За исключением специально оговоренных случаев, «Чайльд-Гарольд» цитируется в переводе В. Левика, «Дон-Жуан» — в переводе Т. Гнедич, примечания к поэмам — в переводах П. Морозова, Н. Дьяконовой и автора этих строк.

Цитаты из дневников и писем Байрона, а также из сочинений его современников приводятся — при необходимости, с изменениями — по изданиям:

Библиотека великих писателей. Байрон: В 3 т. / Под ред. С. Венгерова. — СПб.: Изд-во Брокгауз-Ефрон, 1904–1905.

Байрон. Дневники и письма / Пер. З. Александровой. — М.: Изд. АН СССР, 1963.

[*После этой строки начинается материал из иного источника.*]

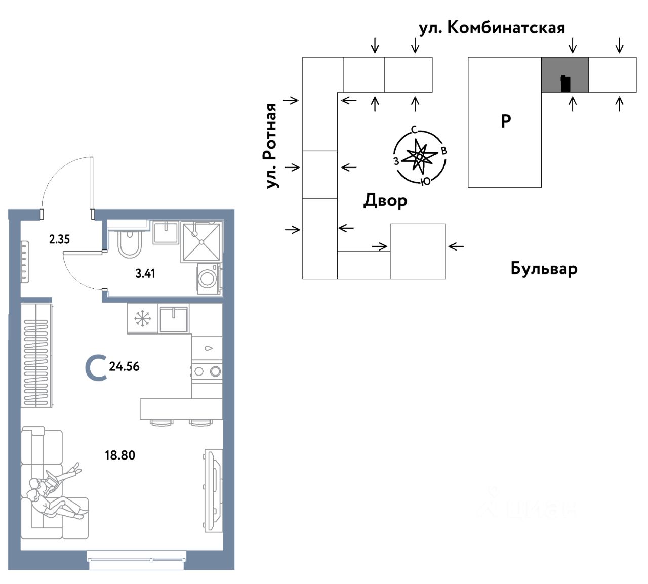 0комнатная квартира площадью 24,56кв. м. на 10 этаже жилого комплекса ''Уральский сад''.

Дж. Г. Байрон. На перепутьях бытия...: Художественная публицистика. — М.: Прогресс, 1989 (письма в пер. О. Кириченко, Ю. Палиевской, Ф. Урнова; воспоминания в пер. А. Бураковской, А. Зверева).

Андре Моруа. Дон Жуан, или Жизнь Байрона / Пер. М. Богословской. — М.: Молодая гвардия, 2000.

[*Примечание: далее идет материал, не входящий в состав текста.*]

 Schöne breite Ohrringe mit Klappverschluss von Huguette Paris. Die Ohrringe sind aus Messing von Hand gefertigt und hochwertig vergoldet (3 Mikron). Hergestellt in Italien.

The Works of Lord Byron: 13 volumes / Ed. by Ernest Hartley Coleridge & Rowland E. Prothero. — London, 1898–1904.

Lord Byron’s Correspondence: 2 volumes / Ed. by John Murrey. — London, 1922.

Harriet Beecher Stowe. Lady Byron vindicated. Boston, 1870.

Lord Broughton (John Cam Hobhouse). Recollections of a long life. — Vol. 2. — London, 1909.

Mabell, countess of Airlie. In Whig society, 1775–1818. — Toronto — London — New York, 1921.

Thomas Medwin. Conversations of Lord Byron: noted during a residence with his lordship at Pisa, in the years 1821 and 1822. — London, 1824.

Ralph Milbanke, lord Lovelace. Astarte: A fragment of truth concerning George Gordon Byron, sixth lord Byron. — London, 1921.

Thomas Moore. Life of Lord Byron with his letters and journals: 6 volumes. — London, 1854.